On Tue, Jul 14, 2020 at 4:54 PM Bjorn Andersson bjorn.andersson@linaro.org wrote:
On Tue 14 Jul 15:13 PDT 2020, Rob Herring wrote:
On Tue, Jul 14, 2020 at 10:33 AM Jeffrey Hugo jeffrey.l.hugo@gmail.com wrote:
On Mon, Jul 13, 2020 at 5:50 PM Doug Anderson dianders@chromium.org wrote:
Hi,
On Mon, Jul 13, 2020 at 1:25 PM Rob Herring robh+dt@kernel.org wrote:
On Mon, Jul 13, 2020 at 9:08 AM Doug Anderson dianders@chromium.org wrote:
Hi,
On Mon, Jul 13, 2020 at 7:11 AM Rob Herring robh+dt@kernel.org wrote: > > On Fri, Jul 10, 2020 at 5:02 PM Douglas Anderson dianders@chromium.org wrote: > > > > I found that if I ever had a little mistake in my kernel config, > > or device tree, or graphics driver that my system would sit in a loop > > at bootup trying again and again and again. An example log was: > > Why do we care about optimizing the error case?

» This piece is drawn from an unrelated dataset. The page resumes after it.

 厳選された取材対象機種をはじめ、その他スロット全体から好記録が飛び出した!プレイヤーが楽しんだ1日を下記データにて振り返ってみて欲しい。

It actually results in a _fully_ infinite loop. That is: if anything small causes a component of DRM to fail to probe then the whole system doesn't boot because it just loops trying to probe over and over again. The messages I put in the commit message are printed over and over and over again.
Sounds like a bug as that's not what should happen.

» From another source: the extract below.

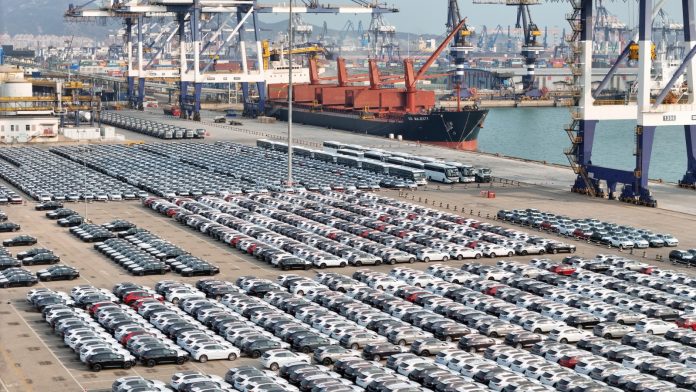 PECHINO (CINA) (XINHUA/ITALPRESS) – Una foto aerea, scattata da un drone il 14 gennaio 2026, mostra dei veicoli di produzione nazionale in attesa di essere caricati, destinati all’esportazione, nel porto di Yantai, nella provincia orientale cinese dello Shandong. Lo scorso anno il valore del commercio estero della Cina ha raggiunto 45.470 miliardi di yuan (circa 6.480 miliardi di dollari USA), in aumento del 3,8% su base annua, secondo i dati diffusi mercoledì dall’Amministrazione generale delle dogane. Si tratta del nono anno consecutivo di crescita del commercio estero cinese dal 2017.

If you defer during boot (initcalls), then you'll be on the deferred list until late_initcall and everything is retried. After late_initcall, only devices getting added should trigger probing. But maybe the adding and then removing a device is causing a re-trigger.
Right, I'm nearly certain that the adding and then removing is causing a re-trigger. I believe the loop would happen for any case where we have a probe function that:
- Adds devices.
- After adding devices it decides that it needs to defer.
- Removes the devices it added.
- Return -EPROBE_DEFER from its probe function.
Specifically from what I know about how -EPROBE_DEFER works I'm not sure how it wouldn't cause an infinite loop in that case.
Perhaps the missing part of my explanation, though, is why it never gets out of this infinite loop. In my case I purposely made the bridge chip "ti-sn65dsi86.c" return an error (-EINVAL) in its probe every time. Obviously I wasn't going to get a display up like this, but I just wanted to not loop forever at bootup. I tracked down exactly why we get an - EPROBE_DEFER over and over in this case.
You can see it in msm_dsi_host_register(). If some components haven't shown up when that function runs it will _always_ return -EPROBE_DEFER.
In my case, since I caused the bridge to fail to probe, those components will _never_ show up. That means that msm_dsi_host_register() will _always_ return -EPROBE_DEFER.
I haven't dug through all the DRM code enough, but it doesn't necessarily seem like the wrong behavior. If the bridge driver or a panel was a module then (presumably) they could show up later and so it should be OK for it to defer, right?
So with all that, it doesn't really feel like this is a bug so much as it's an unsupported use case. The current deferral logic simply can't handle the case we're throwing at it. You cannot return -EPROBE_DEFER if your probe function adds devices each time through the probe function.
Assuming all the above makes sense, that means we're stuck with:
a) This patch series, which makes us not add devices.
b) Some other patch series which rearchitects the MSM graphics stack to not return -EPROBE_DEFER in this case.
This isn't a MSM specific issue. This is an issue with how the DSI interface works, and how software is structured in Linux. I would expect that pretty much any DSI host in the kernel would have some version of this issue.
The problem is that DSI is not "hot pluggable", so to give the DRM stack the info it needs, we need both the DSI controller (aka the MSM graphics stack in your case), and the thing it connects to (in your case, the TI bridge, normally the actual panel) because the DRM stack expects that if init completes, it has certain information (resolution, etc), and some of that information is in the DSI controller, and some of it is on the DSI device.
Ah yes, DRM's lack of hot-plug and discrete component support... Is that not improved with some of the bridge rework?
Anyways, given there is a child dependency on the parent, I don't think we should work-around DRM deficiencies in DT.
BTW, There's also a deferred probe timeout you can use which stops deferring probe some number of seconds after late_initcall.
I don't think we can rely on the deferred probe timeout, given that it was reverted back to 0 seconds past late_initcall - which given that most of the involved components are modules, means that without the opt-in command line option we would likely fail to bring up the display.
I meant just as a way to make progress booting in this case where the display is never coming up. We're talking only about a better experience for an error case.
Maybe a simple solution is just having some delay inserted between delayed probe triggers so progress is made.
Rob